Sample extracts also were processed in PCR reaction mixtures with primer set Pme1:Pme2, specific for P. meibomiae (data not shown). No diagnostic 330 bp band was observed from any of the plant samples processed. Purified P. meibomiae DNA (80 ng in 4 µl) was amplified in a positive control, and the diagnostic 330 bp band was observed. A faint band approximately 330 bp in size also was observed when P. pachyrhizi DNA (80 ng in 4 µl) was used as a negative control. These results indicate that sample extracts should be processed with both primer sets, especially if a faint band is observed, because observation of a faint band produced with Ppa1:Ppa2 primers could indicate little P. pachyrhizi DNA in the sample or non-specific amplification of P. meibomiae DNA.

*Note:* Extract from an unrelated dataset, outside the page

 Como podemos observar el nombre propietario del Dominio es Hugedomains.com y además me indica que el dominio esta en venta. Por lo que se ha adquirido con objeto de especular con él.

PCR product in DNA bands produced from amplification of soybean leaf extract was excised from the gel. DNA was extracted, purified (Qiaquick Gel Extraction kit, Qiagen Inc., Valencia, CA), and sent for sequencing to the DNA Sequencing Core Laboratory, University of Florida, Gainesville, FL. The DNA fragment was sequenced bidirectionally (two runs each direction) with the Ppa1:Ppa2 primer set. Results from the four sequencing runs were aligned and combined to produce a sequence of 241 bp. Because of discrepancies in the sequences produced, four nucleotide base pairs could not be resolved.

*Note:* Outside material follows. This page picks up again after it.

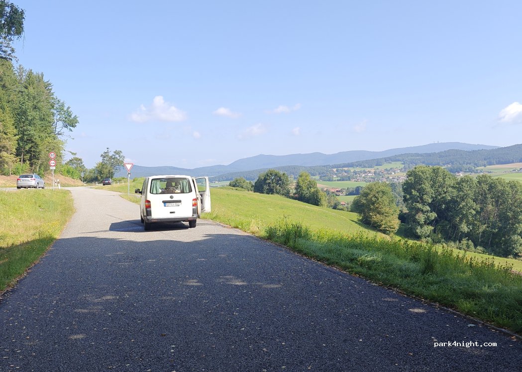 Öffentlicher Parkplatz in der Nähe der Hauptstraße. Schöne Aussicht und ebene Stellplätze. Parken ist erlaubt; Parkbeschränkungen sind nicht erkennbar. Picknickplätze sind vorhanden.

The nucleotide-nucleotide Blast program (web-based database search tool, National Center for Biotechnology Information, Bethesda, MD) was used to compare the edited sequence of 241 bp obtained to known DNA sequences. The sequence was found to be 98% identical (4 nucleotides could not be determined in our sequence) to a sequence published for P. pachyrhizi isolate MUT Zimbabwe by Frederick (1). The next closest match (not P. pachyrhizi) was 92% identical and was published for P. meibomiae isolate PR also by Frederick (1). These results confirm the rust pathogen on soybean and kudzu observed in Florida in November of 2004 was P. pachyrhizi.

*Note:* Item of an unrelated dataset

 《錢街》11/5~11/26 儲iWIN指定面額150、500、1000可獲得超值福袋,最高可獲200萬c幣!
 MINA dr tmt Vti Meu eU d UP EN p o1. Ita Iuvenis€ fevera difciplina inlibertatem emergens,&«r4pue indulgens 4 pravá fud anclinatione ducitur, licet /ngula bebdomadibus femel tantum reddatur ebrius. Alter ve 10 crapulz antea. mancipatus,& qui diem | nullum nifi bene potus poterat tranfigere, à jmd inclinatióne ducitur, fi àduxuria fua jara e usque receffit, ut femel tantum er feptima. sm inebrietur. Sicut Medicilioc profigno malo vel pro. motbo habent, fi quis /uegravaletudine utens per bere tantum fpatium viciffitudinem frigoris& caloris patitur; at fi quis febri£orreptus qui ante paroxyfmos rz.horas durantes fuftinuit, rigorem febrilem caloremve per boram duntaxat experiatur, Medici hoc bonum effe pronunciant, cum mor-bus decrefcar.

A real-time PCR protocol modified from Frederick et al (1) is used by USDA APHIS labs to confirm Asian soybean rust. The protocol described here differs from the USD APHIS protocol because samples are processed with a rapid DNA extraction kit that does not require liquid nitrogen, different primer sets are used, and the thermocycler program is optimized for traditional (not real-time) PCR. The protocol described here offers labs without real-time PCR equipment an alternative for confirming samples subsequent to the initial USDA APHIS confirmation in a state.
This is the first report of Asian soybean rust in Florida. Florida had been identified as a potential location for the over-winter survival of P. pachyrhizi (6). Leguminous crops, weeds, ornamentals, and forages could potentially serve as alternative hosts. The impact of this pathogen on these potential hosts and the contribution of inoculum produced in Florida to soybean crops in the rest of the U.S. are currently unknown. However, in February and March of 2005, P. pachyrhizi was confirmed with this protocol on kudzu leaf samples collected by the Florida Department of Agriculture and Consumer Services, Division of Plant Industry in Pasco and Hernando Counties in Florida.
The authors wish to thank Reid Frederick, USDA, ARS, NAA for his assistance and for providing purified genomic DNA of P. pachyrhizi and P. meibomiae and the Florida Department of Agriculture and Consumer Services, Division of Plant Industry.